California death row inmates focus on passing their time as executions remain on hold

In this photo taken on Tuesday, Dec. 29, 2015, inmate Charles Crawford gestures while speaking to reporters in a recreation yard at San Quentin State Prison in San Quentin, Calif. With California's lethal injection protocol in limbo, the nearly 750 inmates at San Quentin State Prison, the nation’s most populous death row, are more likely to die from natural causes or suicide than execution. The inmates await a final decision on a proposed one-drug execution method and the possibility that voters in 2016 will scrap the death penalty altogether. (AP Photo/Ben Margot) (The Associated Press)

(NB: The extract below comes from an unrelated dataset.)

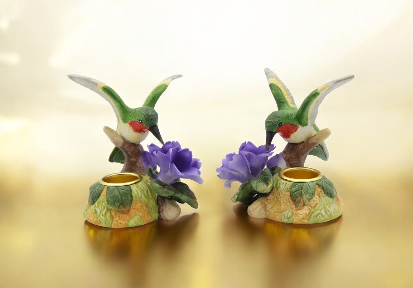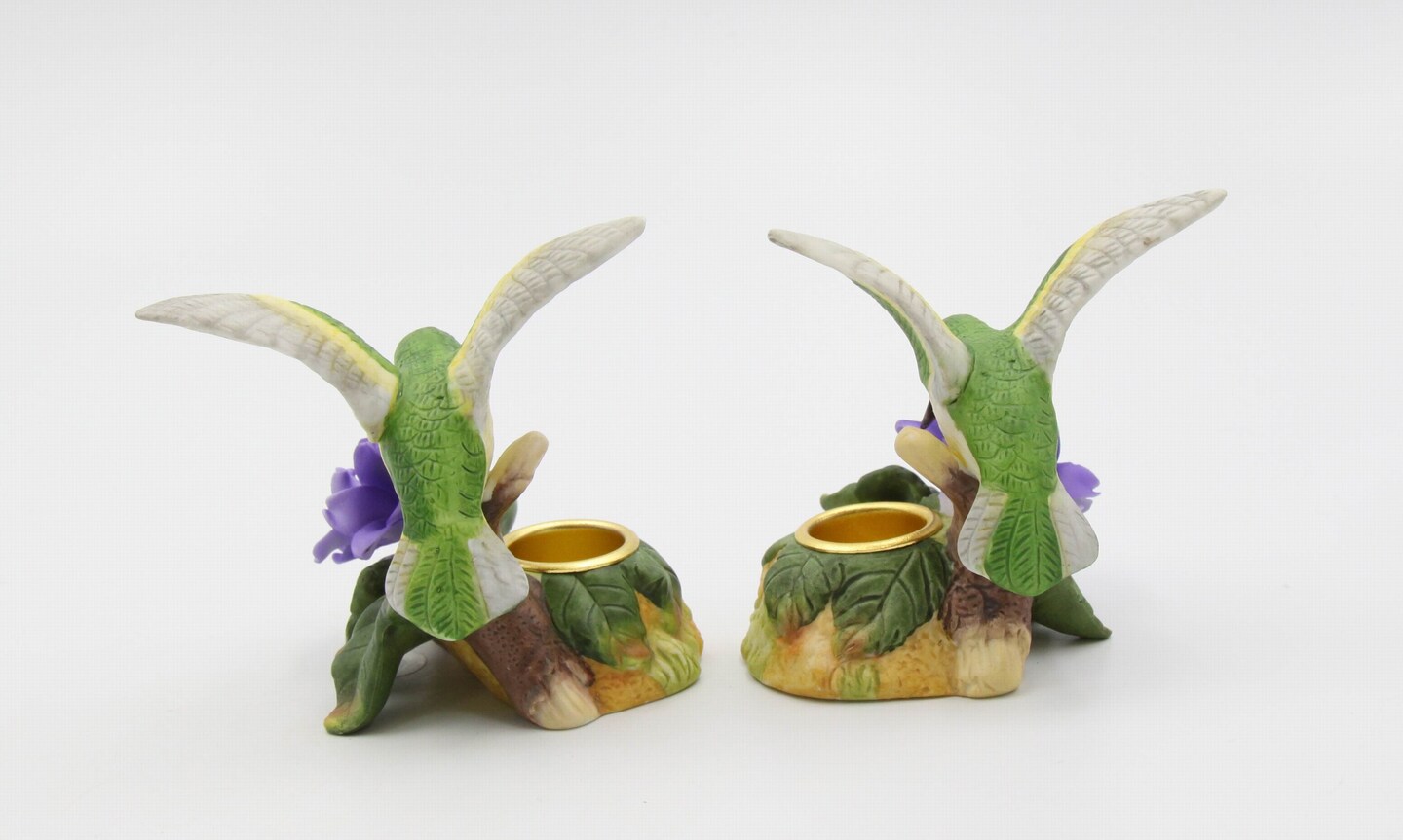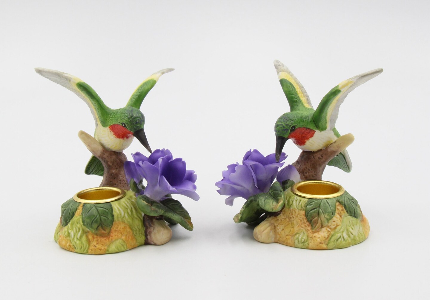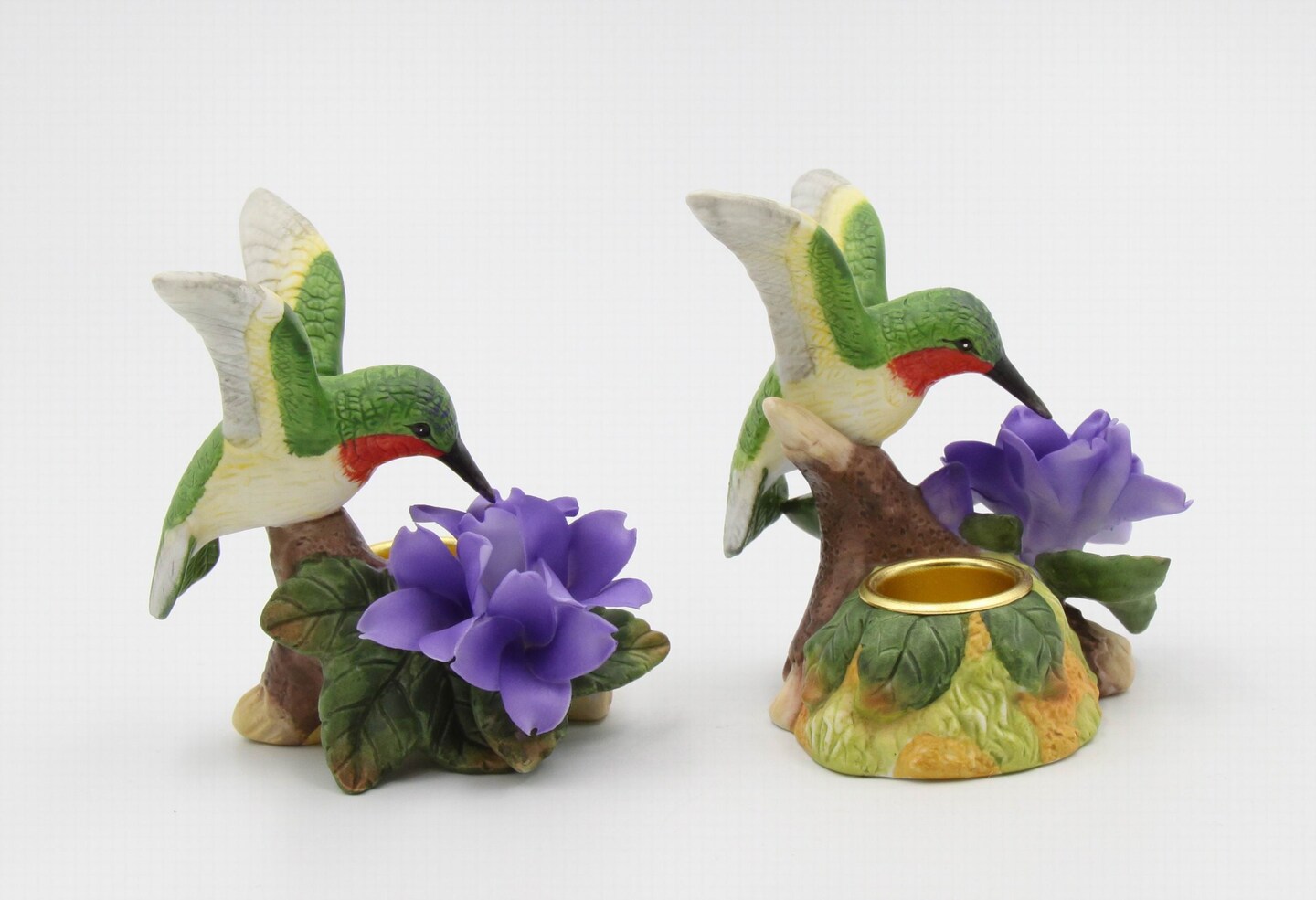 Ceramic Hummingbird with Violet Flower Candleholders - Set of 2, Bird Watcher Gift, Garden Decor, Vintage Decor, Gift for Mom

In this photo taken on Tuesday, Dec. 29, 2015, the fingers of Martin Navarette reach out of his cell on death row at San Quentin State Prison in San Quentin, Calif. With California's lethal injection protocol in limbo, the nearly 750 inmates at San Quentin State Prison, the nation’s most populous death row, are more likely to die from natural causes or suicide than execution. The inmates await a final decision on a proposed one-drug execution method and the possibility that voters in 2016 will scrap the death penalty altogether. (AP Photo/Ben Margot) (The Associated Press)

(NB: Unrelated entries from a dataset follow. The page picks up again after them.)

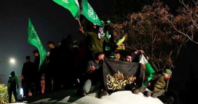 Militantes enmascarados aparecieron en algunas celebraciones, donde las multitudes coreaban eslóganes en su apoyo, según reporteros de Associated Press en Gaza. La policía, bajo control de Hamás, comenzó a desplegarse en público después de haber permanecido mayormente oculta debido a los ataques aéreos israelíes.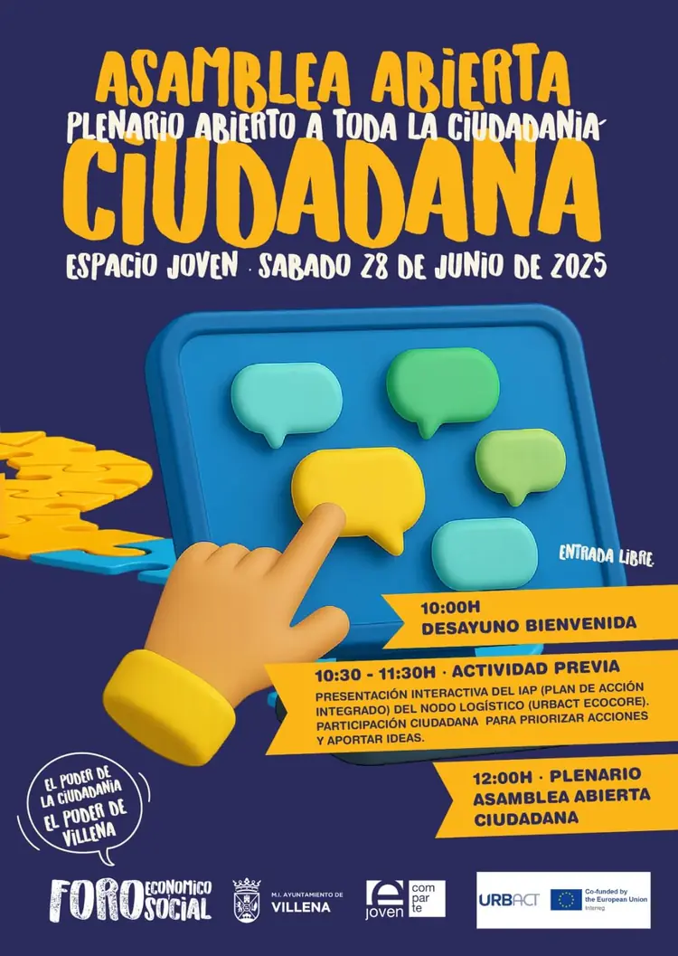 El Foro Económico y Social de Villena reunirá a vecinos y vecinas en una Asamblea Ciudadana abierta el próximo sábado 29 de noviembre de 2025 en el Espacio Joven. Tal y como ha comentado la representante del Foro, Virtu Ribera, la jornada consta de dos partes. En la primera de ellas se darán cuenta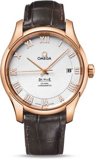 Each of OMEGA's elegant De Ville timepieces is characterized by a unique and classic design. This model features a two-zone silver dial with Roman numeral hour indexes fashioned from 18K gold and set with diamonds.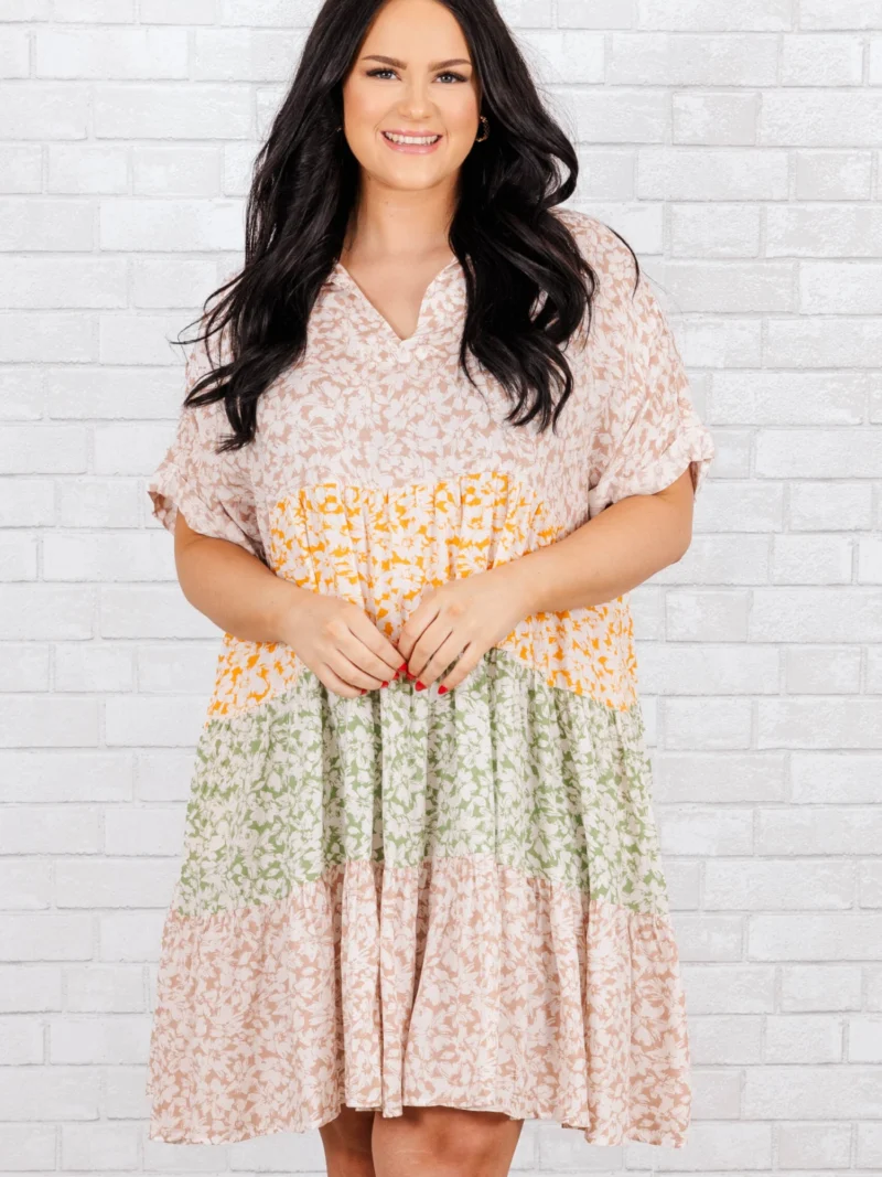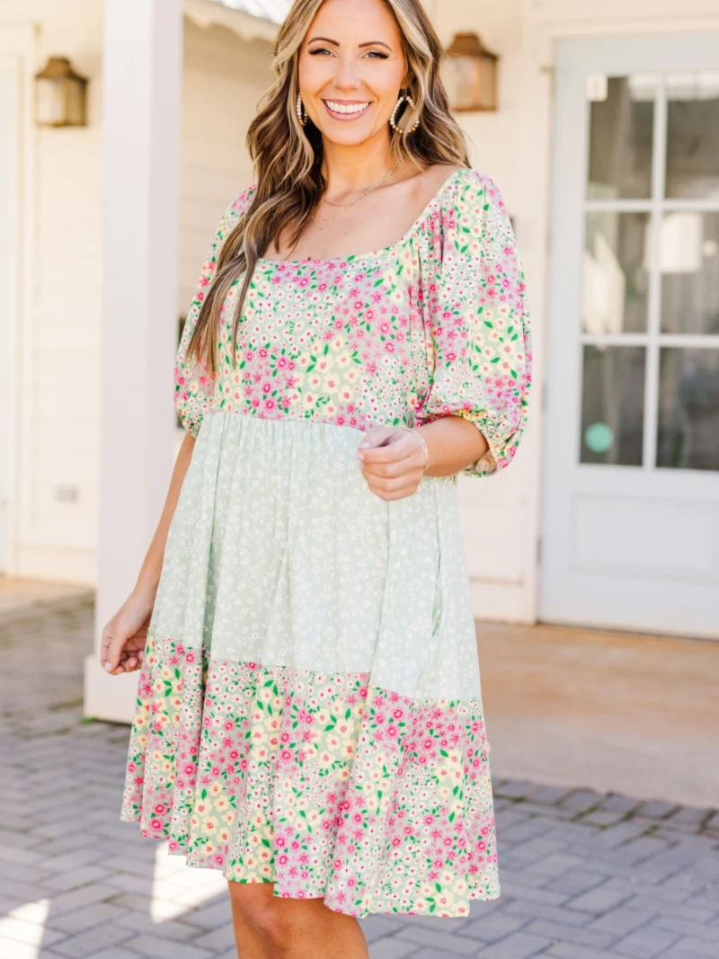 Be Gleeful Dress, Sage-Yellow

In this photo taken on Tuesday, Dec. 29, 2015, prison guards walk down a corridor in the Adjustment Center at San Quentin State Prison in San Quentin, Calif. With California's lethal injection protocol in limbo, the nearly 750 inmates at San Quentin State Prison, the nation’s most populous death row, are more likely to die from natural causes or suicide than execution. (AP Photo/Ben Margot) (The Associated Press)

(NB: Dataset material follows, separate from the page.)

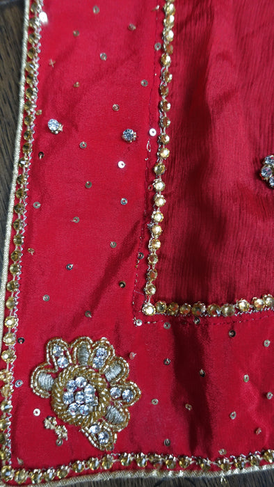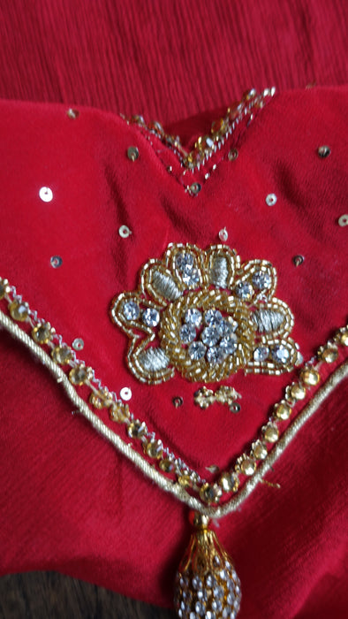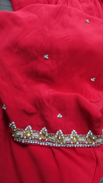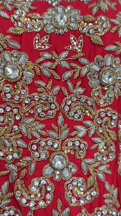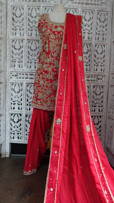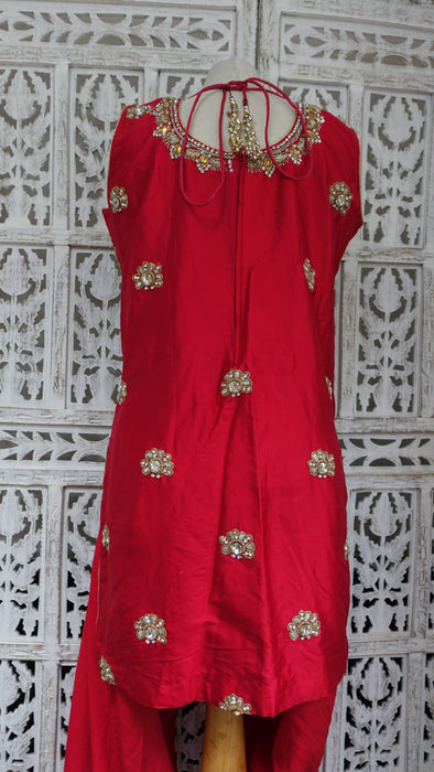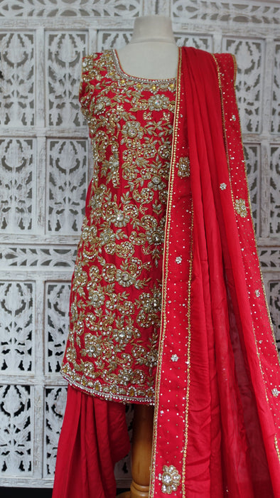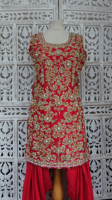 Red Silk Heavy Diamante Salwar Suit - UK 14/EU 40 - New

With executions on hold in California and a death penalty appeals process that can take years, many inmates on the nation's largest death row say they spend little time worrying about the lethal injection that may one day kill them.

Inmates spoke during a rare tour of the concrete and metal death row cell blocks at San Quentin State Prison. The prison is home to the vast majority of California's nearly 750 condemned inmates — the nation's largest such population.

The tour on Tuesday came as the state considers a one-drug execution protocol to replace a three-drug method that a federal judge invalidated in 2006 as a potentially cruel and unusual punishment.

Inmates today are more likely to die from natural causes or suicide than execution.